Work request:
Please copy the lines below, exactly as they are, from the one with "4 Colheres de" through the one with "中共十六大提出了2020年全", and leave out the pictures.

*** Record extracts Section Begins ***

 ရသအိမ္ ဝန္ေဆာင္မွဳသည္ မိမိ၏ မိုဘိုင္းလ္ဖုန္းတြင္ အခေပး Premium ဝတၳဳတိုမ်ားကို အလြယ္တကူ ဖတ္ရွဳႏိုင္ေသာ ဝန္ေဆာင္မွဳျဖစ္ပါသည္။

*** Record extracts Section Ends ***
*** Record extracts Section Begins ***

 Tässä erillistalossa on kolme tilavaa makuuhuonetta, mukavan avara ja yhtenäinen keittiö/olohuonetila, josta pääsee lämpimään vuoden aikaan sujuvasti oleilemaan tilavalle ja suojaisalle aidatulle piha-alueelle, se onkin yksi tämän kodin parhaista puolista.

*** Record extracts Section Ends ***
*** Record extracts Section Begins ***

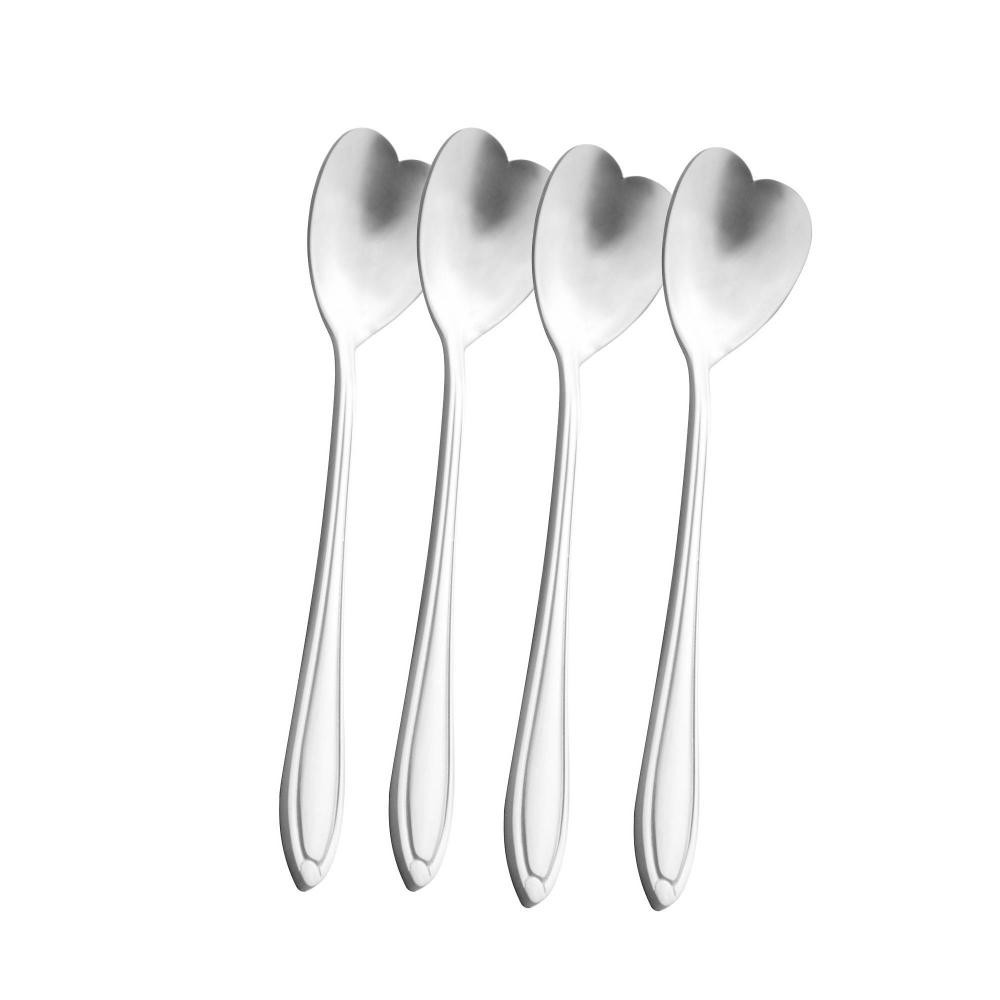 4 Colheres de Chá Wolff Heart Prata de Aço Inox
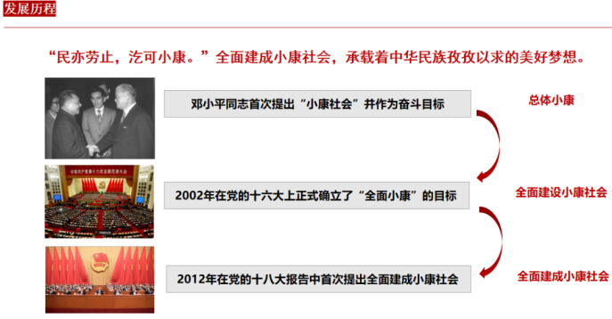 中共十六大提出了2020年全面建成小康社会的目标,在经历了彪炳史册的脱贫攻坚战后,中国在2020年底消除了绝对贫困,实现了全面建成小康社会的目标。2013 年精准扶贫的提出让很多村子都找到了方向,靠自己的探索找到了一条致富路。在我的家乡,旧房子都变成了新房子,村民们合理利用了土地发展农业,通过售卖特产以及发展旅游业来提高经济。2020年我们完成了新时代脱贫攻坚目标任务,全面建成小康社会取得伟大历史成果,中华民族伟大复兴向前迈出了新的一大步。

*** Record extracts Section Ends ***

Exercise response:
 4 Colheres de Chá Wolff Heart Prata de Aço Inox
 中共十六大提出了2020年全面建成小康社会的目标,在经历了彪炳史册的脱贫攻坚战后,中国在2020年底消除了绝对贫困,实现了全面建成小康社会的目标。2013 年精准扶贫的提出让很多村子都找到了方向,靠自己的探索找到了一条致富路。在我的家乡,旧房子都变成了新房子,村民们合理利用了土地发展农业,通过售卖特产以及发展旅游业来提高经济。2020年我们完成了新时代脱贫攻坚目标任务,全面建成小康社会取得伟大历史成果,中华民族伟大复兴向前迈出了新的一大步。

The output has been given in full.